• _What you should do_
Exercise in exact copying: restate word for word only the lines below from the one containing "This SP-01 SuperFlow" through the one containing "暮らしを彩る器を目指して開発", omitting any pictures.

• _Recorded information_
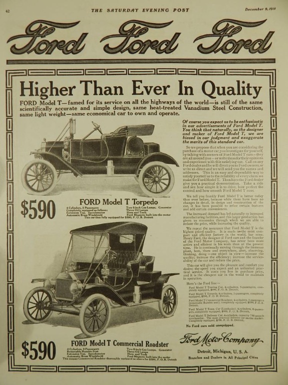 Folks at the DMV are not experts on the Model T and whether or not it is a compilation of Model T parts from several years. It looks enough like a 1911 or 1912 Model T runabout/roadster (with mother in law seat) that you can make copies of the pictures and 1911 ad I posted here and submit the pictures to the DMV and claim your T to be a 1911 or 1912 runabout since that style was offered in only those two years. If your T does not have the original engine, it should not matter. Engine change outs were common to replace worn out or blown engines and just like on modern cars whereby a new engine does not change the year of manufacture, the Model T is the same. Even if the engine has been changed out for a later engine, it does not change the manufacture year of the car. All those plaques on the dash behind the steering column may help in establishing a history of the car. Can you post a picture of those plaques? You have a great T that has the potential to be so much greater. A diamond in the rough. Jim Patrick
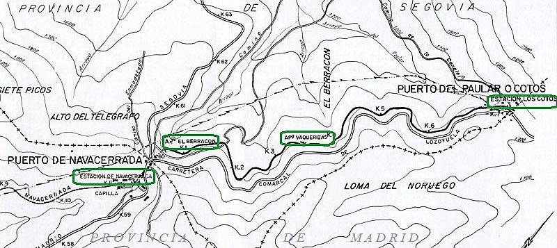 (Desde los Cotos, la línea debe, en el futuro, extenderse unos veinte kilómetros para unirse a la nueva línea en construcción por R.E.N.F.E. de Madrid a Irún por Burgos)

==

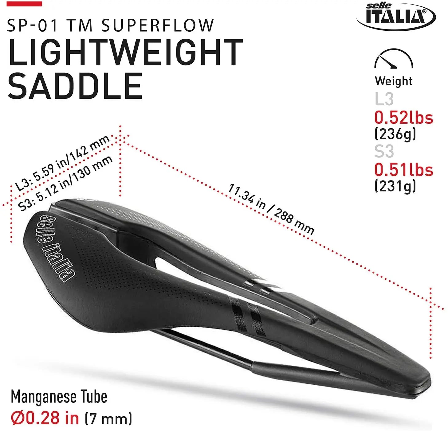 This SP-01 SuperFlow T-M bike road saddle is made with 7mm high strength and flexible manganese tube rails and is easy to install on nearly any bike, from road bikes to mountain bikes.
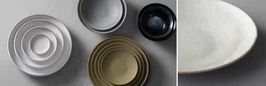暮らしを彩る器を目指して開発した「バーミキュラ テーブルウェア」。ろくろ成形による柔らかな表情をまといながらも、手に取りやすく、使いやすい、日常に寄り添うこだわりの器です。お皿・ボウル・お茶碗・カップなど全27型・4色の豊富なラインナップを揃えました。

==

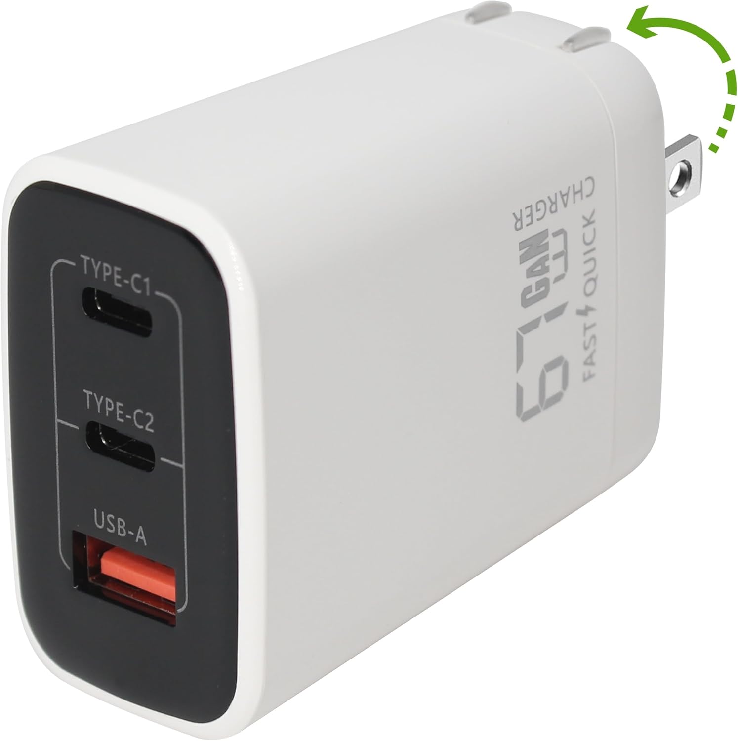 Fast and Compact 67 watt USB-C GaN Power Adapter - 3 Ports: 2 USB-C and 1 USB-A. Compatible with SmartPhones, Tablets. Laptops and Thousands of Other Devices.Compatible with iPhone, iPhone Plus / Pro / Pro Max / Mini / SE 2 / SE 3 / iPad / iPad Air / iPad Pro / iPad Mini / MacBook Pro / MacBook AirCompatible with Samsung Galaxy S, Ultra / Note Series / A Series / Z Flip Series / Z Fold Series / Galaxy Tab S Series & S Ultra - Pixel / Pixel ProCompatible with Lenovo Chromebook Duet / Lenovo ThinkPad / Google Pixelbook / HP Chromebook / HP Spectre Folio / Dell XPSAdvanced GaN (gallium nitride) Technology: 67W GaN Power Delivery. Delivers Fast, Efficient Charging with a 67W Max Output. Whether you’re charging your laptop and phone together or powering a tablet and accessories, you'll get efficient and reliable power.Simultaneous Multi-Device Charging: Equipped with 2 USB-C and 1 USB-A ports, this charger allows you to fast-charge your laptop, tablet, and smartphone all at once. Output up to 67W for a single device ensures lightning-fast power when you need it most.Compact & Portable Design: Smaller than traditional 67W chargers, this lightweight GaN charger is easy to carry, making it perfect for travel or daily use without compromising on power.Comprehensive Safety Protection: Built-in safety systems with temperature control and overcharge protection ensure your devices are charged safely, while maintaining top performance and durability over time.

• _Response_
 This SP-01 SuperFlow T-M bike road saddle is made with 7mm high strength and flexible manganese tube rails and is easy to install on nearly any bike, from road bikes to mountain bikes.
暮らしを彩る器を目指して開発した「バーミキュラ テーブルウェア」。ろくろ成形による柔らかな表情をまといながらも、手に取りやすく、使いやすい、日常に寄り添うこだわりの器です。お皿・ボウル・お茶碗・カップなど全27型・4色の豊富なラインナップを揃えました。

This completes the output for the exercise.